Apple (NASDAQ:AAPL) fell over 4% today to $98.94 share. Is this the start of a new downtrend or is this a good buying opportunity?
Let's look at the charts.
The first is a longer term weekly chart:
The first thing to notice is that both the 50 period SMA and 200 period SMA are rising. This is bullish. Additionally, the 26 week EMA is rising, also bullish. RSI is in the overbought range, so a sell-off like today is not unexpected. MACD is decreasing, but still positive. All in all, this chart shows AAPL is in a clear uptrend. Support would be in the $96.50 range and also around $91 at the EMA.
For the daily chart, it looks like this:
We still have a clear uptrend, above the 50 and 200 day moving averages, and right at the 22 day EMA. This normally is a good support level. Additionally, we are back to the trend line. RSI is no longer overbought and is still above 50, but decreasing. MACD is now negative.
If AAPL can hold the 22 day EMA and trendline and move higher, this may look to be a great entry point.
Fundamentally, AAPL is undervalued relative to it's peers on a trailing and forward p/e basis, but isn't growing quite as fast as some other tech names.
The new product unveil next week will be very interesting.
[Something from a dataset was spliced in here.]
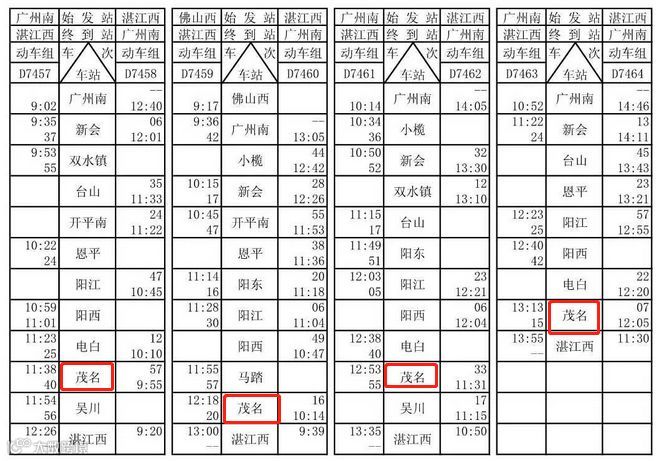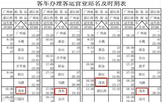 始发:湛江西(8:00)——茂名(8:35)——广州南(10:58)

If AAPL trades down into that event, it may prove to be a good entry point for an extremely strong company.
Disclosure: The author is long AAPL.
Additional disclosure: Disclosure: Kerry Prazak, CFP® is the owner and portfolio manager of East Lake Financial, LLC, a Registered Investment Adviser. Kerry Prazak, East Lake Financial, and/or its clients may hold positions in any ETFs, mutual funds, and/or any investment asset mentioned above. The comments above do not constitute individualized investment advice. The opinions offered here are not personalized recommendations to buy, sell or hold securities. Please do your own research. Thank you!